Under current laws of the Cayman Islands, the Company is not subject to tax on income or capital gains. Additionally, upon payments of dividends by the Company to their shareholders, no withholding tax will be imposed.

 

British Virgin Islands

 

Our subsidiaries incorporated in the British Virgin Islands are not subject to tax on income or capital gain. In addition, payments of dividend by these subsidiaries to their shareholders are not subject to withholding tax in the British Virgin Islands.

 

Hong Kong

 

Our subsidiary in Hong Kong is subject to a two-tiered profits tax rate regime.
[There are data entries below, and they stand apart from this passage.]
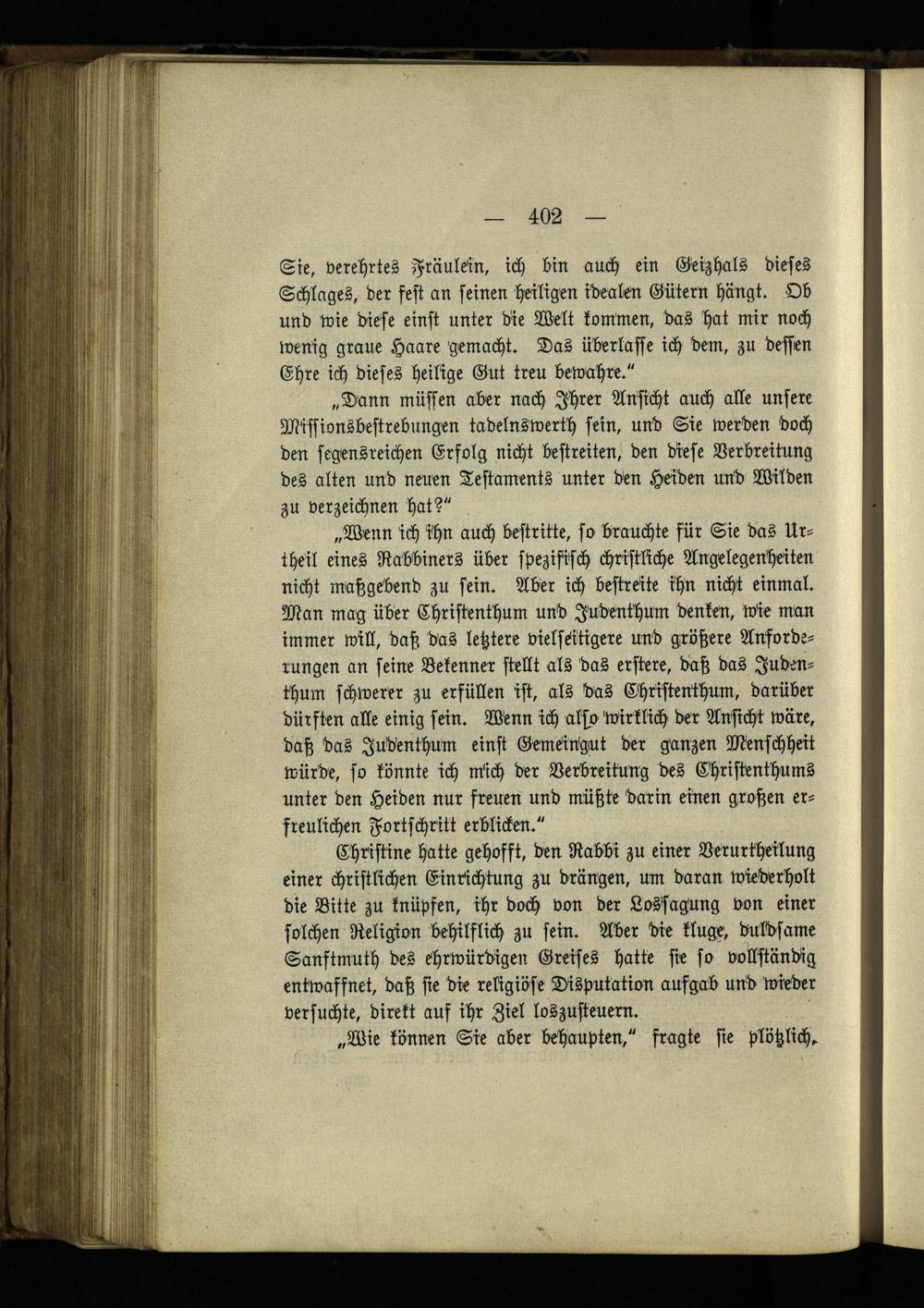 „Wenn ich ihn auch bestritte, so brauchte für Sie das Ur- theil eines Rabbiners über spezifisch christliche Angelegenheiten nicht maßgebend zu sein. Aber ich bestreite ihn nicht einmal. Man mag über Christenthum und Judenthum denken, wie man immer will, daß das letztere vielseitigere und größere Anforderungen an seine Bekenner stellt als das erster«, daß das Judenthum schwerer zu erfüllen ist, als das Christenthum, darüber dürften alle einig sein. Wenn ich also wirklich der Ansicht wäre, daß das Judenthum einst Gemeingut der ganzen Menschheit würde, so könnte ich mich der Verbreitung des Christenthums unter den Heiden nur freuen und müßte darin einen großen erfreulichen Fortschritt erblicken."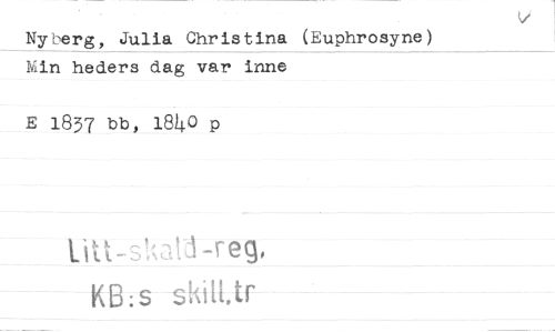 //// Nyberg, Julia Christina (Euphrosyne) Min heders dag ver inne //// E 1837 bb, 1840 P //// KB:s- -skillitr ////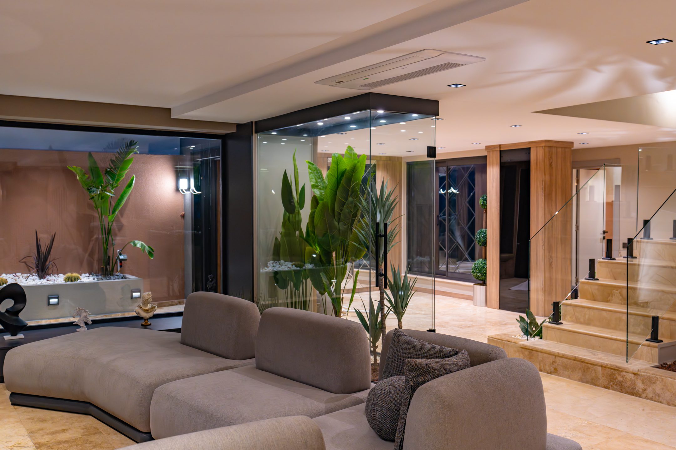 The interiors of Villa Buse are light, modern and elegant, with open-plan spaces designed for comfort and sociable living. Large windows and sliding doors throughout the villa ensure the sea views are in sight from almost every corner of the property, creating a seamless connection between indoor and outdoor living.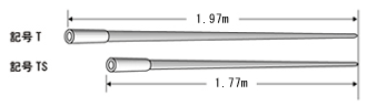 | 長い先竿(1.97m)をT、短い先竿(1.77m)をTSという記号で表します。 Tという記号は先竿をTOPと言うからです。TOP竿の短い方がSHORTなのでTSという記号になります。 |

The first HKD$2 million of assessable profits earned by a company is subject to be taxed at a profits tax rate of 8.25%, while the remaining profits will continue to be taxed at the profits tax rate of 16.5%. Under the Hong Kong tax law, our subsidiary in Hong Kong is exempted from income tax on its foreign derived income and there are no withholding taxes in Hong Kong on remittance of dividends.

 

China

 

Effective from January 1, 2008, the PRC’s statutory Enterprise Income Tax (“EIT”) rate is 25%. If our holding company in the Cayman Islands or any of our subsidiaries outside of China were deemed to be a “resident enterprise” under the PRC Enterprise Income Tax Law, it would be subject to enterprise income tax on its worldwide income at a rate of 25%. See “Risk Factors — Risks Relating to Doing Business in the PRC — Under the PRC Enterprise Income Tax Law, we may be classified as a PRC “resident enterprise” for PRC enterprise income tax purposes. Such classification would likely result in unfavorable tax consequences to us and our non-PRC shareholders and have a material adverse effect on our results of operations and the value of your investment.”

 

RESULTS OF OPERATIONS

 

The following table sets forth a summary of our unaudited condensed consolidated results of operations for the years indicated, both in absolute amounts and as a percentage of our total revenues. This information should be read together with our unaudited condensed consolidated financial statements and related notes included elsewhere in this prospectus. The operating results in any period are not necessarily indicative of the results that may be expected for any future period.

 

Translations of balances in the unaudited condensed consolidated balance sheets, unaudited condensed consolidated statements of income and comprehensive income, and unaudited condensed consolidated statements of cash flows from RMB into US$ as of and for the six months ended June 30, 2025, are solely for the convenience of the readers, and they were calculated at the rate of US$1.00 to RMB7.1636.

 

   For the six months ended June 30,
(Unaudited)
 
   2024   2025 
   (in thousands, except for percentages) 
   RMB   RMB   US$ 
Net revenues   94,949    62,328    8,701 
Cost of revenues   (41,725)   (42,944)   (5,994)
Gross profit   53,224    19,384    2,707 
Sales and marketing expenses   (19,307)   (23,243)   (3,245)
General and administrative expenses   (14,604)   (16,770)   (2,339)
Research and development expenses   (5,444)   (8,969)   (1,252)
Reversal for credit losses   1,043    719    100 
Total operating expenses   (38,312)   (48,263)   (6,736)
Operating income   14,912    (28,879)   (4,029)
Other income (expenses):               
Interest income   213    72    10 
Interest expense   (2,052)   (1,752)   (245)
Unrealized gains on short-term investments   100    588    82 
Unrealized foreign exchange loss   -    (1,421)   (198)
Government subsidy   140    502    70 
Other expenses   (30)   -    - 
Total other expenses, net   (1,629)   (2,011)   (281)
Income before income taxes   13,283    (30,890)   (4,310)
Income tax benefits (expenses)   (2,558)   5,340    745 
Net income (loss)   10,725    (25,550)   (3,565)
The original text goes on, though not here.